Ko wai a Māpihi? This is not Water? - Regional News | Connecting Wellington
Supplied by Enjoy Contemporary Art Space | Issue 170

Supplied by Enjoy Contemporary Art Space

Ko wai a Māpihi? This is not Water? by Harry Bartle

Although it may not seem like it, Wellington is a city full of streams. Artists Cae Te Wheoro Heke and Nick Denton are honouring one that has long been forgotten in their new exhibition Ko wai a Māpihi? This is not Water? On now until the 25th of May at Enjoy Gallery, the artists pay tribute to Waimapihi Stream, an awa that flows from Waimpihi Reserve to Wellington Harbour. Heke feels a strong connection with this stream and is hoping to challenge misconceptions surrounding it.

“Both of us began this journey when we learned the name of an awa that flowed beneath us, hidden from view,” Heke says. “Our motivation was both to give space for Waimapihi, an awa with a name and whakapapa, and challenge the legal, te ao Pākehā definition that denies it even being water for most of its length.”

 The immersive exhibition intertwines photography, writing, video, sound, vinyl, and GIS mapping so that Waimapihi can be again seen and heard in Wellington.
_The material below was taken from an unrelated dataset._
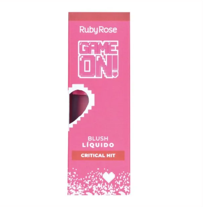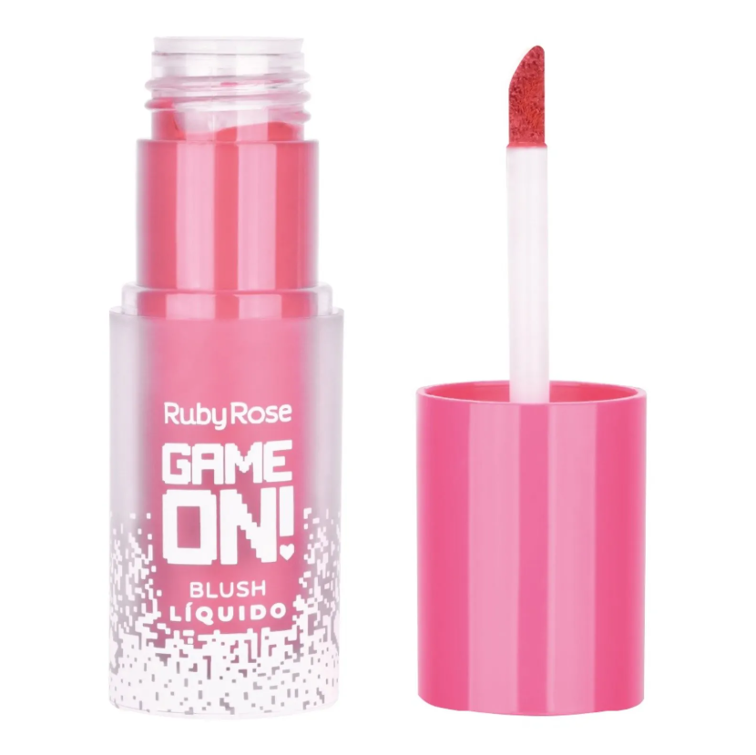 Conquiste um visual radiante com o Blush Líquido Game On da Ruby Rose!Sua textura leve e fluida desliza facilmente na pele, proporcionando um efeito corado natural e uniforme, ideal para quem busca realçar a beleza com sutileza.

Formed as a living room in the gallery, it recognises the mana of Waimapihi as a living essence, portraying its history and confronting the Resource Management Act 1991 definition of ‘water’, which excludes water found in any pipe, tank, or cistern.

Heke has found it “incredibly rewarding” explaining to people that Waimapihi passes underneath them. She is even more pleased that many people she has come to know during this journey have since been inspired to discover and highlight their local streams and rivers.

“It has been incredibly humbling to connect with kaitiaki of Waimapihi, to learn and share their kōrero of Te Aro Pā and a living history of Te Whanganui-a-Tara, a city of streams.”